SINGAPORE — Singapore will lower its Disease Outbreak Response System Condition (DORSCON) level from orange to yellow, as the city-state will further ease its COVID-19 restrictions from next Tuesday (26 April).
The multi-ministry taskforce in a virtual press conference on Friday announced that the DORSCON level – which was raised to orange in February 2020 – will be adjusted back to yellow given the improving local pandemic situation.
Other than specific high-risk settings, Singapore will lift the limits across all five parameters for safe management measures – such as removing group size limit and safe distancing requirement – except for mask-wearing, which will remain optional outdoors and continue to be required indoors.
In his opening speech at the conference, Minister for Trade and Industry Gan Kim Yong noted that the number of cases here has been falling and stabilising at an average of about 3,100 per day.
The taskforce co-chair stressed that the situation has changed from over two years ago when the DORSCON level was raised to orange, with high vaccination coverage across the population to combat the higher prevalence of the virus.
But Health Minister Ong Ye Kung, who was also at the conference, cautioned against the "potential curveball" – for instance, the emergence of a new variant – that will knock Singapore back to "square one".
"We can therefore afford to take further steps to restore pre-COVID-19 normalcy. However, given the risk over the horizon, we should not declare a Freedom Day until the pandemic is truly over," said Ong, who is also the taskforce co-chair.
Finance Minister Lawrence Wong noted that Singapore has had one of the lowest COVID-19 fatality rates in the world, due to efforts spanning two years to protect lives and livelihoods in Singapore.
"I echo my colleagues in saying that we couldn't have done all this without the contributions of each and every person in Singapore, especially of course our healthcare and frontline officers," the taskforce co-chair added.
"With these changes, we can now have a well-deserved breather after two very difficult years of fighting the virus. But let's always remember, we are getting closer to the finish line, but the race is not over. And the pandemic is certainly not over."
In response to media queries about revamping the DORSCON model to make it more relevant for future pandemics, Gan said that while it may not be apparent to the members of the public, such alert statuses are very important "from the point of view of the preparedness of government agencies, including the healthcare institutions".
Ong noted that though safe management measures and other healthcare protocols matter much more, the DORSCON system still serves its purpose.
"We will constantly review all our safe management measures as well as the (DORSCON) framework, so we move with the times and have a system that suits the circumstances," he added.
— Yahoo Singapore (@YahooSG) April 22, 2022
DORSCON Yellow: Major adjustments to community SMMs
From next Tuesday, Singapore will make the following adjustments to community safe management measures, including the removal of check-ins with the TraceTogether application or token at most venues:
Group sizes: There will no longer be a group size limit, meaning that individuals will not be required to keep to a group of 10 persons for mask-off activities.
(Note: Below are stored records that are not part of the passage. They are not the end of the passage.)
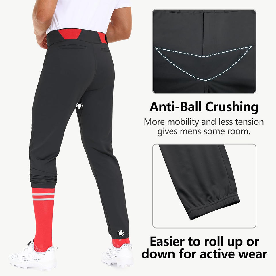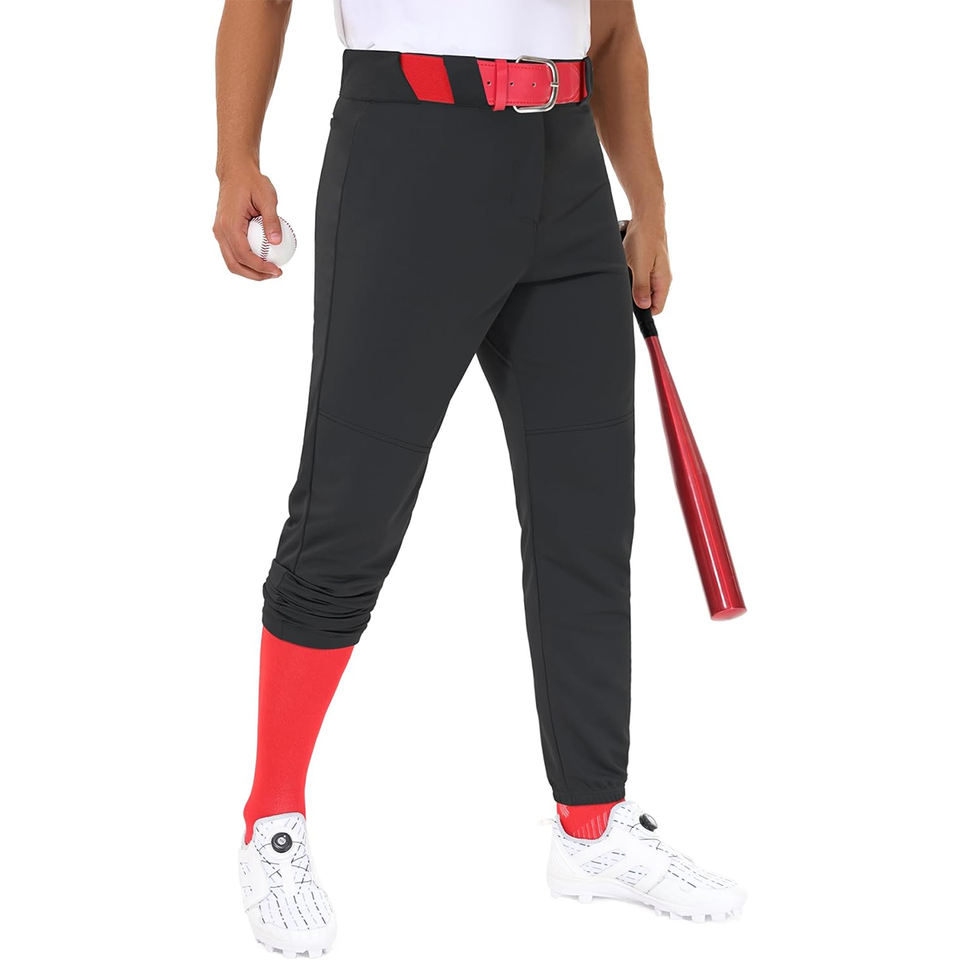 Pantalones de béisbol del equipo para adultos Color negro Fly Zip Front con dos cierres a presión Ropa deportiva de longitud completa Pantalones de béisbol para jóvenes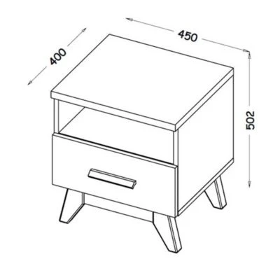 Nachtkonsole Skandinavisches Design Eine funktionelle und praktische Nachtkonsole, in einer harmonischen Farbkombination. Diese Nachtkonsole lässt sich wunderbar kombinieren. Material: Spanplatte mit pflegeleichter Kunststoffoberfläche Farbe: Nash Eiche / Andersen Kiefer Ausstattung / Abmessungen (ca. Maße): – 1 Schublade – 1 offenes Fach – B/T/H: 45cm / 40cm / 50cm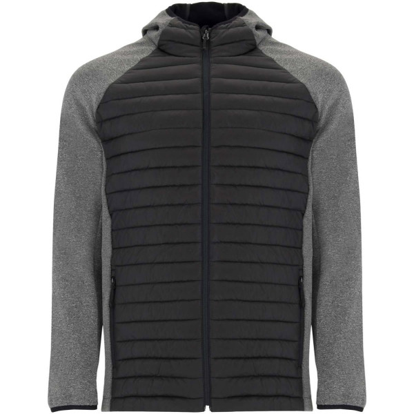 Unisex jacket in two-fabric combination: Fixed adjusted hood. Raglan sleeves. Sleeves, side panels and hood in softshell fabric. Quilted feather touch fabric in front and back. Inverted zip with matching chin protector and puller. Two front pockets with zippers. Matching elastic trim in collar, cuffs and hem. Removable label. Wind-proof model. The male model is 184 cm and is wearing size L, and the female model is 179 cm and is wearing size S.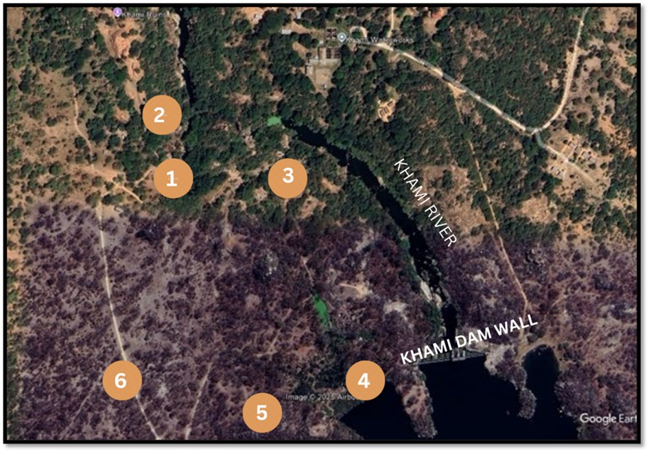 Google Earth view of Khami with important features marked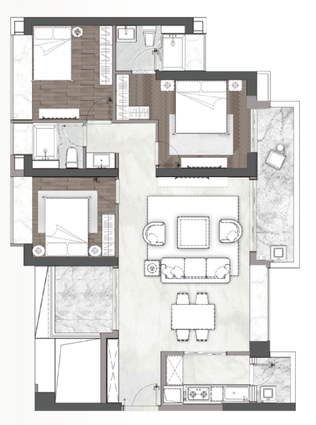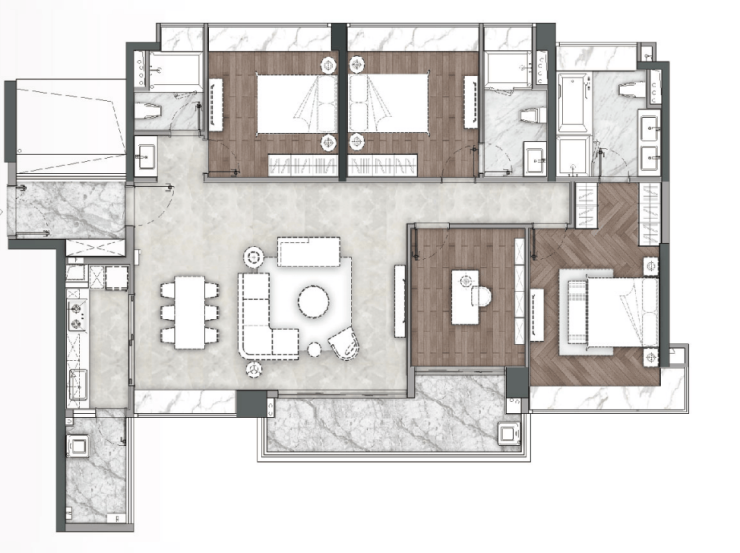 A5--03:建筑面积约190㎡四房两厅三卫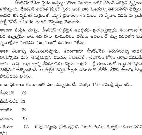 TRS Leads in Telangana
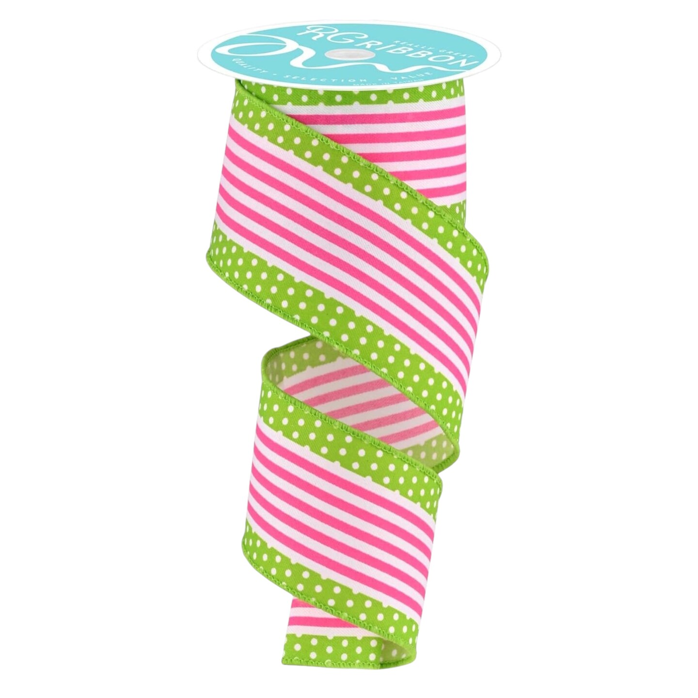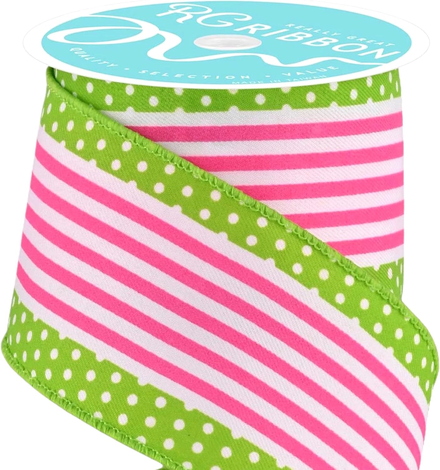 RG Ribbon: 2.5" Stripes and Polka Dots, Wired Edge Ribbon For Bows, Wreaths, Crafts, and Decorations
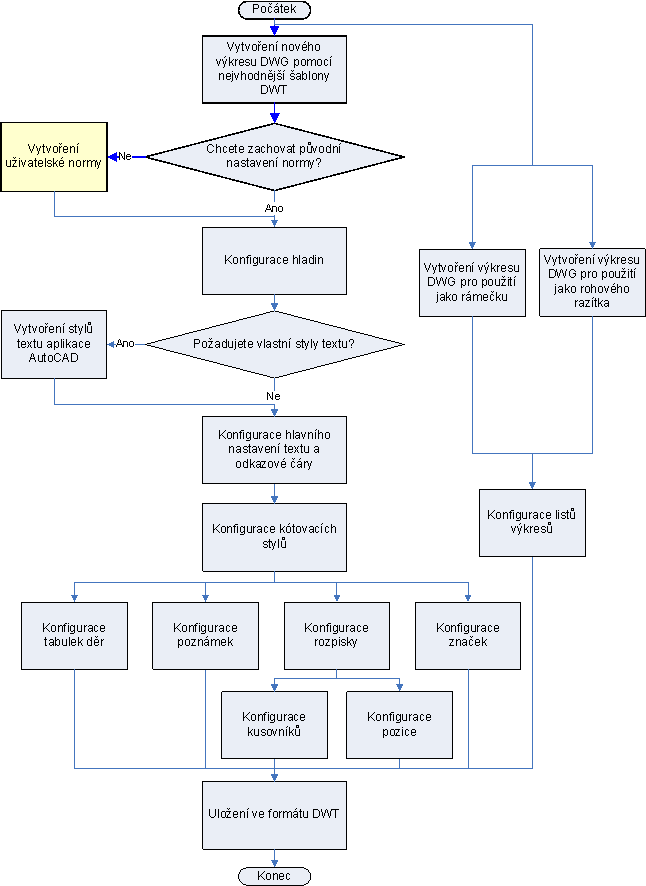 Společnost XYZ chce aplikaci AutoCAD Mechanical toolset použít v celém oddělení strojírenských návrhů. Společnost XYZ používá směrnice pro technické kreslení, které odpovídají normě ISO. Společnost však zavedla hladiny a barvy objektů, které norma nijak přísně neupravuje a které jsou odlišné od výchozích nastavení pro normu ISO obsažených v aplikaci AutoCAD Mechanical toolset. Proto se společnost rozhodla použít pozměněnou verzi normy ISO. Aby původní norma ISO zůstala zachována k referenčním účelům, vytvoří se uživatelsky definovaná norma s názvem „Společnost XYZ“ vycházející z normy ISO.

The cap on the number of unique visitors per household, previously 10 persons at any one time, will also be lifted.
Mask-wearing: Mask-wearing will continue to be required in indoor settings when people leave their homes, including on public transport. Mask-wearing will remain optional in outdoor settings. However, individuals are encouraged to exercise precaution, for example, in crowded outdoor areas.
Workplace requirements: All workers may now return to the workplace, an increase from the current limit of 75 per cent of those who can work from home. Workers will be allowed to remove their masks at the workplace when they are not interacting physically with others and when they are not in customer-facing areas.
Safe distancing: As group size limits are lifted, safe distancing will no longer be required between individuals or between groups.
Capacity limits: The 75 per cent capacity limit for larger settings or events with more than 1,000 pax and that are mask-on will be removed. However, all nightlife businesses – where dancing among patrons is one of the intended activities – will continue to be subject to a 75 per cent capacity limit.
"We continue to encourage all employers to retain and to promote flexible work arrangements and some form of practical work from home arrangements for the employees," said Wong.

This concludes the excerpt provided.